19 Décembre 2010, 20:53pm

Publié par zazy

cafe-copie-1.jpg

Philippe CLAUDE – le Café de l’Excelsior

Collection Livre de poche 84 pages

 

 

4ème de couverture

 

Viens donc Jules, disait au bout d’un moment un buveur raisonnable, ne réveille pas les morts, ils ont bien trop de choses à faire, sers-nous donc une tournée…Et Grand-père quittait son piédestal, un peu tremblant, emporté sans doute par le souvenir de cette femme qu’il avait si peu connue, si peu étreinte, et dont la photographie jaunissait au-dessus d’un globe de verre enfermant une natte de cheveux tressés qui avaient été les siens, et quelques pétales de roses à demi tombés en poussière.

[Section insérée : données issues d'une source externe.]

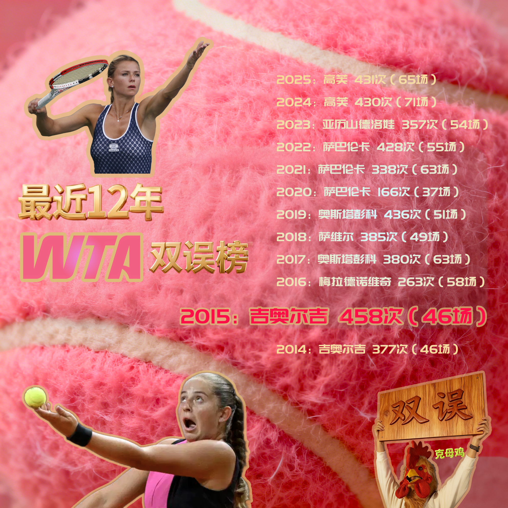 🎾2025网坛年终报告 过去12年女子年度双误榜第一名的选手👁看看高芙明年能不能三连“冠” 并冲击一下吉奥尔吉的纪录2025:高芙 431次(65场)2024:高芙 430次(71场)2023:亚历山德洛娃 357次(54场)2022:萨巴伦卡 428次(55场)2021:萨巴伦卡 338次(63场)2020:萨巴伦卡 166次(37场)2019:奥斯塔彭科 436次(51场)2018:萨维尔 385次(49场)2017:奥斯塔彭科 380次(63场)2016:梅拉德诺维奇 263次(58场)2015:吉奥尔吉 458次(46场)2014:吉奥尔吉 377次(46场)热点解读
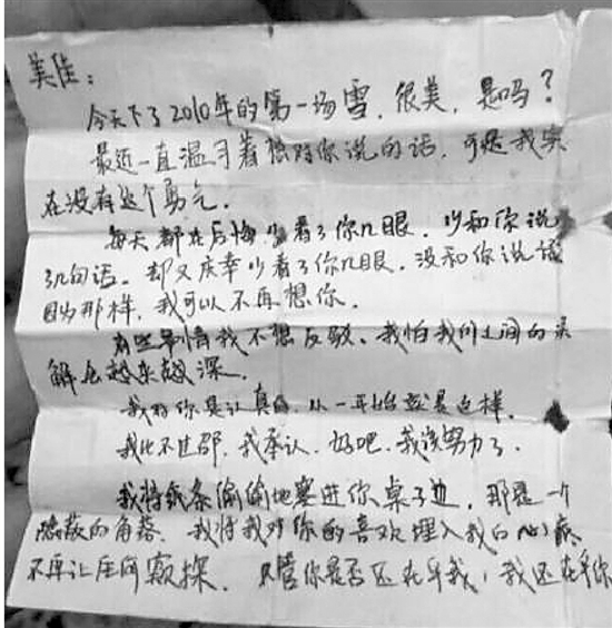 昨天網友“來呀來呀快來打我呀”發(fā)了一條微博,說的是他的學妹于無意間在教室桌子的縫隙里,發(fā)現(xiàn)了一封情書——情書是一個男生在2010年寫給一個叫“美佳”的人。
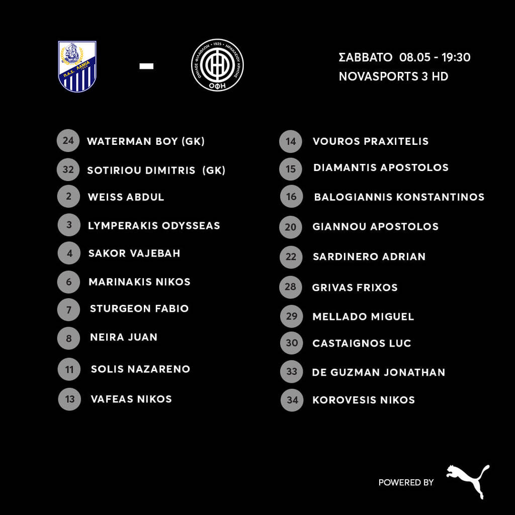 Την 20μελή αποστολή του ΟΦΗ απαρτίζουν οι Βάτερμαν, Σωτηρίου, Ουές, Λυμπεράκης, Σακόρ, Μαρινάκης, Στάρτζεον, Νέιρα, Σολίς, Βαφέας, Βούρος, Διαμαντής, Μπαλογιάννης, Γιάννου, Σαρδινέρο, Γρίβας, Μεγιάδο, Καστάνιος, Ντε Γκούζμαν και Κοροβέσης.
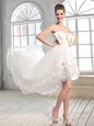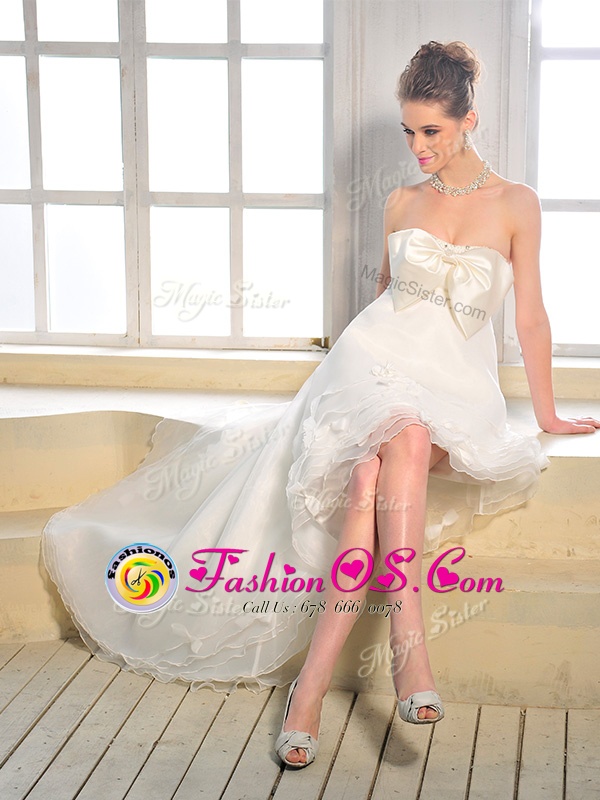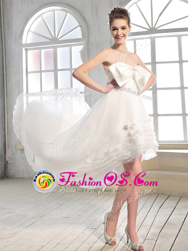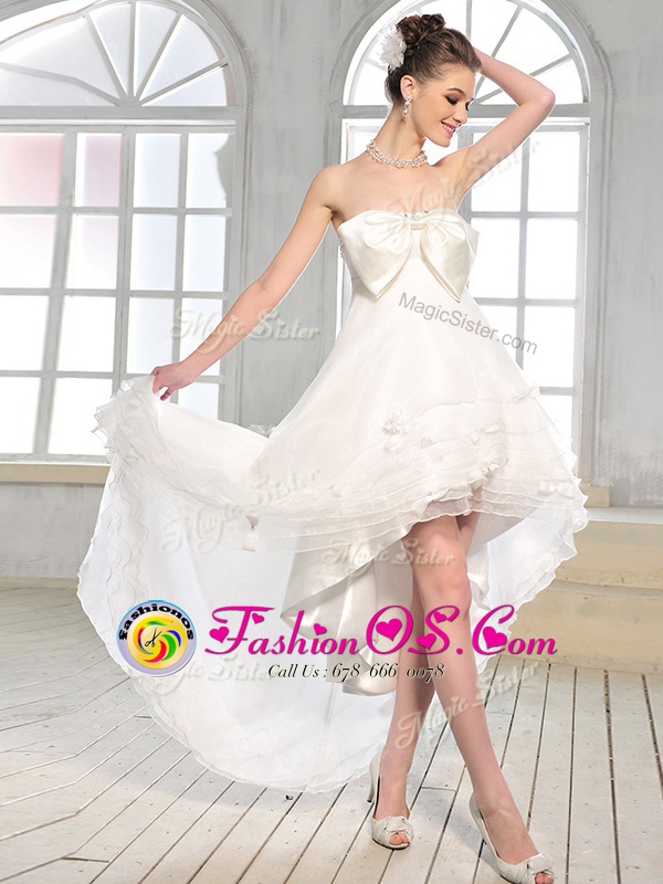 Exquisite White Zipper Wedding Dresses Bowknot Sleeveless High Low

Il saisissait une bouteille, prenait son vieux torchon à carreaux écossais et, lent comme une peine jamais surmontée, allait remplir les verres des clients.

 

Mon avis

 

Suite à la mort de ses parents, le narrateur vit avec son grand-père Jules, tenancier d’un troquet , d’un vieux bistrot fréquenté par des oubliés aussi âgés que le grand-père et aussi imbibé que lui.

 

Le café de l’Excelsior est un vieux café, « un bistro étriqué dont les mauvaises chaises et les quatre tables de pin rongées par les coups d’éponge composaient un décor en demi-teintes violines ». Il était le phare de ces vieux venant là  chaque matin pour rompre leur solitude en buvant des blancs gommés et des rosés picons.

 

Pourtant, ce livre dégage des tonnes d’amour. Il nous raconte comment, lors des siestes de Jules dans l’arrière-boutique, il aimait regarder son grand-père puis se lover contre lui. Là il se sentait en sécurité et rempli d’amour. Rôde auteur d’eux, une fois par mois, le spectre de la séparation sous les traits d’un bureaucrate « l’homme de la grande ville » qui, un jour, viendra le chercher pour l’emmener dans des maisons d’accueil.

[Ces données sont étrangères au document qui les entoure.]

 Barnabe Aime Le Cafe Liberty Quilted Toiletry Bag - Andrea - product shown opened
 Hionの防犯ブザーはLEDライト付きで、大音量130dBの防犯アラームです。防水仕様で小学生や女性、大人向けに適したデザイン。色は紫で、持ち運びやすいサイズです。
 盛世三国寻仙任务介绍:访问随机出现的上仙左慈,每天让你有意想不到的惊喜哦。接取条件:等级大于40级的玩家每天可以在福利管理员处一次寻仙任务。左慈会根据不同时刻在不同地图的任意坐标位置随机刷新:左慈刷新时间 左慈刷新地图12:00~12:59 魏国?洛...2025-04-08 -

C’est le souvenir de 3 ans de bonheur pour ce petit garçon qui sera séparé à jamais de son ancre.

Je retrouve le style limpide et précis de Philippe Claudel. Ses descriptions du vieux bistrot sont empreintes de poésie et  de nostalgie. J’ai eu les larmes aux yeux et j’ai ri. La description de l’autre Excelsior, celui de Nancy, je suppose, par l’enfant contrebalancée par la conclusion du grand-père : « Ne t'inquiète pas petit, ce n’est pas un café, c’est une bonbonnière à chochottes » est un bijou.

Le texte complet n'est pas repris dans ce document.